Сесилия ничего не ответила. Новая гипотеза показалась ей какой-то неубедительной. Если дом – носитель чьей-то личной истории, которая перетекла в Майами, тогда почему же он продолжает появляться без всякой логики, бессистемно в столь непохожих районах города?

Бой часов вернул девушку к реальности.

– Извини, доченька, но мне пора отправляться к мессе, а потом… Боже мой! Погляди на свою юбку!

На юбке красовалось шоколадное пятно. Лоло подошла к холодильнику и достала кусочек льда.

– Иди в ванную и потри.

– Тетушка, почему ты так часто уходила из дому на этой неделе? – спросила Сесилия, заглянув в спальню. – Я решила, с тобой что-то случилось. И не говори, что все эти дни ты провела в церкви…

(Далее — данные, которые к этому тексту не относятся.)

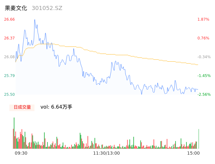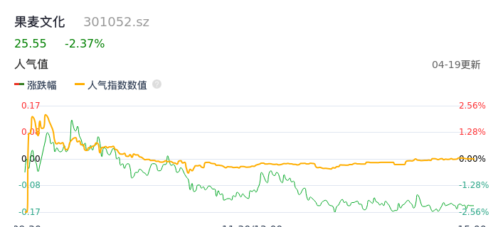 04月19日,果麦文化收报25.55,股价涨幅-2.37%,成交金额1.72亿元,换手率8.90%。

Сесилия так и не договорила, потому что увидела фотографии над комодом. Вот ее бабушка Дельфина, как обычно в цветастом платье и с неизменной улыбкой, среди роз в саду рядом с домом. На другом снимке стоял незнакомый господин, которого Сесилия опознала по клетке с тем самым попугаем. Когда девушка увидела третью фотографию, земля ушла у нее из-под ног. С нежностью и ужасом смотрела Сесилия на своих родителей в свадебных одеждах: мама с волосами, собранными в пучок, и в длинном платье; отец с лицом киноактера, при галстуке в светлый горошек, который она совсем забыла. Внизу шла дарственная надпись: «Тете Лоло в память о нашей свадьбе в приходе Святейшего Сердца Иисуса в Эль-Ведадо, в день…» А дальше дата, дата…

– Февраль – единственный месяц, когда я хожу в церковь каждый день, – сообщила из кухни старушка. – Я всегда буду молиться за твоих родителей, которые поженились четырнадцатого февраля в знак своей великой любви. Упокой, Господи, их души!